TRY IT
Your reply should hold every entry below exactly as written and none of the pictures.

SOURCE DATA Start Marker

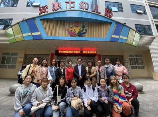 图为实习生同学与安康市幼儿园领导合影
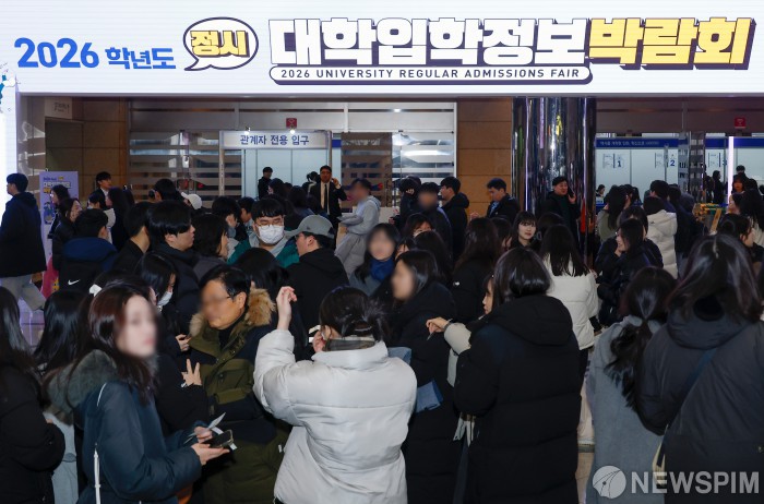 [서울=뉴스핌] 류기찬 기자 = 18일 오전 서울 강남구 코엑스에서 열린 '2026학년도 정시 대학입학정보박람회'를 찾은 수험생과 학부모들이 입장을 위해 대기하고 있다. 2025.12.18 ryuchan0925@newspim.com
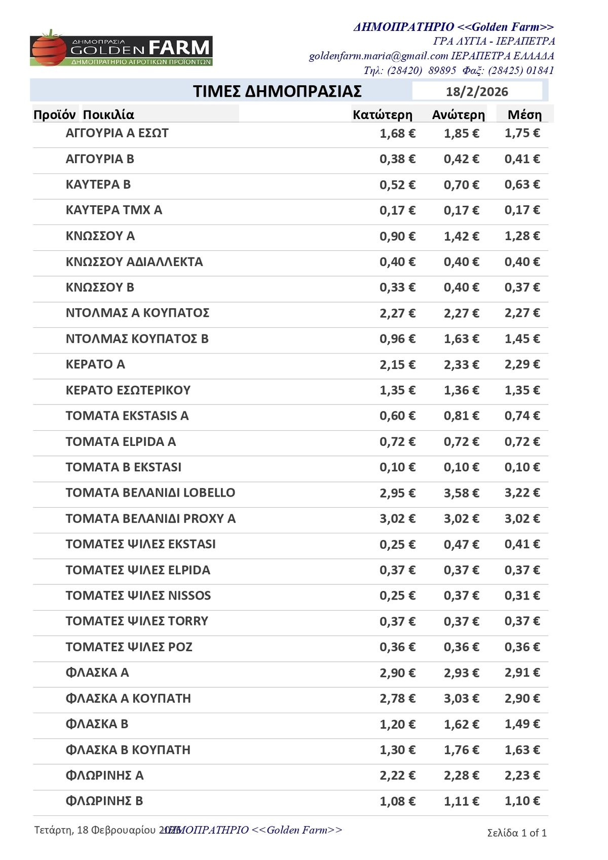 GOLDEN FARM |Τιμές Αγροτικών Προϊόντων 18.02.2026 ΤΙΜΕΣ 2:01 μ.μ. - Τετάρτη 18 Φεβρουαρίου 2026 02:02 μ.μ. - Τετ, 18/01/2026 ΙΕΡΑΠΕΤΡΑ, ΤΙΜΕΣ ΑΓΡΟΤΙΚΩΝ ΠΡΟΙΟΝΤΩΝ , ΔΗΜΟΠΡΑΤΗΡΙΟ, ΚΗΠΕΥΤΙΚΑ , GOLDEN FARM Δείτε τις σημερινές τιμές του δημοπρατηρίου
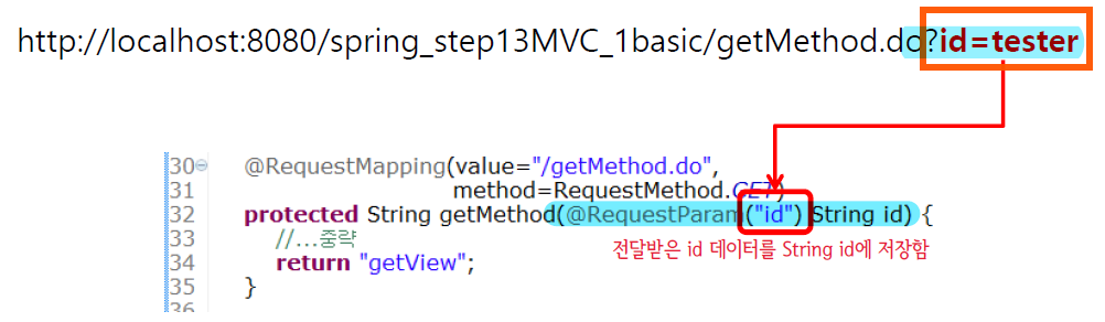 - @RequestParam : HTTP요청에 포함된 파라미터 참조 시 사용
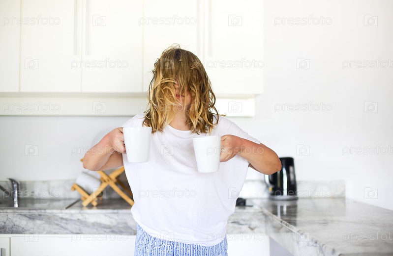 Женщина с двумя чашками кофе утром

SOURCE DATA End Marker

RESPONSE BOX
 图为实习生同学与安康市幼儿园领导合影
 [서울=뉴스핌] 류기찬 기자 = 18일 오전 서울 강남구 코엑스에서 열린 '2026학년도 정시 대학입학정보박람회'를 찾은 수험생과 학부모들이 입장을 위해 대기하고 있다. 2025.12.18 ryuchan0925@newspim.com
 GOLDEN FARM |Τιμές Αγροτικών Προϊόντων 18.02.2026 ΤΙΜΕΣ 2:01 μ.μ. - Τετάρτη 18 Φεβρουαρίου 2026 02:02 μ.μ. - Τετ, 18/01/2026 ΙΕΡΑΠΕΤΡΑ, ΤΙΜΕΣ ΑΓΡΟΤΙΚΩΝ ΠΡΟΙΟΝΤΩΝ , ΔΗΜΟΠΡΑΤΗΡΙΟ, ΚΗΠΕΥΤΙΚΑ , GOLDEN FARM Δείτε τις σημερινές τιμές του δημοπρατηρίου
 - @RequestParam : HTTP요청에 포함된 파라미터 참조 시 사용
 Женщина с двумя чашками кофе утром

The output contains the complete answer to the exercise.